William Kent Krueger
William Kent Krueger

“Iron Lake” Turns Twenty!

This year, my first literary child, Iron Lake, turns twenty years old. I’ve been penning my Cork O’Connor series for two decades. What a joy it’s been to see Cork and his family and Henry Meloux grow across all these years. If you’d asked me back in the fall of 1998 if I could imagine sixteen additional novels in the series floating out there somewhere on the horizon, I would have called you crazy.

I’m so very thankful to all of you who’ve been with me from the beginning, and so grateful to those of you who joined me along the way.

My publisher is pretty happy with all this, too. To help celebrate the anniversary, Atria Books has arranged a special ebook offering through June 24. This edition of Iron Lake contains a tantalizing excerpt from Desolation Mountain, #17 in the series, which will be released August 21.
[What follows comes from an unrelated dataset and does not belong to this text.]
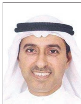
المستشار عادل العيسى

والتي تنص على اعتبار معهد الكويت للدراسات القضائية والقانونية مركزاً إقليمياً لتدريب القضاة وأعضاء النيابة العامة العرب في مجال القانون الدولي الإنساني على الصعيدين الوطني والإقليمي وكذلك لتوثيق أحكام القانون الدولي الإنساني والاتفاقيات الدولية. وأوضح المستشار العيسى أن لفيقا من خبراء اللجنة الدولية للصليب الأحمر المتخصصين في القانون الدولي

You can order this edition directly from Simon and Schuster, or from any online bookseller.

Iron Lake Discount Offer

1 thought on ““Iron Lake” Turns Twenty!”

  1. I discovered Iron Lake a month ago and I have been steadily reading each book after it. It has been meaniful to me because I was married in 1966 and we no money for a honeymoon. I was the camper, and I suggested we go camping in the Boundary Waters. Armed with Duluth Packs we ventured forth out of Ely to Moose Lake where we were unceremoniously dumped into the water with our canoe and packs. We soon had to go over a beaver dam. It was a great adventure. We went back for many years with improved equipment and frequently flew into the Quetico. We loved the loons, the slap of the beaver tails in the water, the eagles, moose, and bear. We loved the solitude and hated the black flies. Weather can make or break and trip. Usually we were lucky, but more than once I wore empty bread bags over my socks after days of rain. We were always greatful when we found a campsite where the boy scouts had preceded us. They left cut wood, kindling, and many times a counter of brances made between two trees. What fun. Eventually we attacked the Appalachian Trail and crossed the Knife Edge on Mt. Katahdin. It was all great fun!